In a final attempt to support its position, the State argues that more than "minimal efforts" for developing an outpatient plan were needed because once discharged, appellants would "return to the places they were at when they decompensated" and again need hospitalization. There is no evidence in the record that appellants were going to be exposed to situations upon release that would make them dangerous.
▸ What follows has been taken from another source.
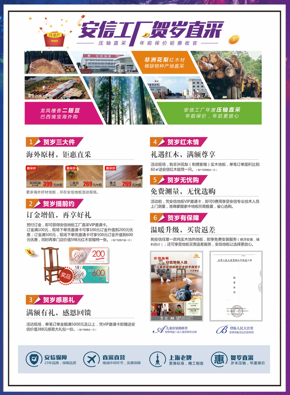 據(jù)了解,此次工廠直采節(jié)活動中,不僅有深受用戶喜愛的二翅豆實木地板等爆款產(chǎn)品外,還有6大驚喜福利大禮包,讓買的更舒心更實惠。賀歲三大件:海外原料,鉅惠直采,非洲花梨、二翅豆、橡木等工廠直銷,更加優(yōu)惠,賀歲提前約:訂金增值,再享好禮,預(yù)付定金,你就是我們安信地板的VIP用戶,可獲得工廠直采VIP邀請卡,同時還有機會獲得紅木官帽椅。賀歲感恩禮:活動現(xiàn)場下單,單筆訂單金額滿5000元及以上,憑VIP邀請券贈送388元感恩大禮包;賀歲紅木情:禮遇好禮,滿額尊享,在活動現(xiàn)場,購非洲花梨(刺猬紫檀)實木地板,單筆訂單面積達到60㎡送紅木鼓凳一只;賀歲無憂購:免費測量,無憂選購,活動前,憑安信地板VIP邀請卡,即可享受0元上門測量,省心選購。賀歲有保障,溫暖升級,買貴返差,購買安信任意一款純實木地熱地板,即享受懸浮免費安裝服務(wù),同時還享受地板買貴返差服務(wù),讓您放心選購。\u00A0

Lastly, the judge's findings and conclusions in both hearings were woefully inadequate. Rule 1:7-4(a) requires a judge to make findings of fact and conclusions of law. In each of these cases, the judge did neither. We admonish judges to make adequate factual findings and legal conclusions on the record so that appellate review may properly serve the litigants. See, e.g., Estate of Doerfler v. Fed. Ins. Co., 454 N.J. Super. 298, 302 (App. Div. 2018) (noting "our function as an appellate court is to review the decision of the trial court," and the "requirements [of Rule 1:7-4(a)] are unambiguous").
The evidence adduced at appellants' hearings did not support the orders placing them on CEPP status. We take this opportunity to express our concern with the continued use of CEPP status to detain patients without proper proof or for improper reasons. Because appellants were discharged shortly after the judge entered the orders under review, the appeal is moot.
Both appeals are dismissed as moot.
I hereby certify that the foregoing is a true copy of the original on file in my office.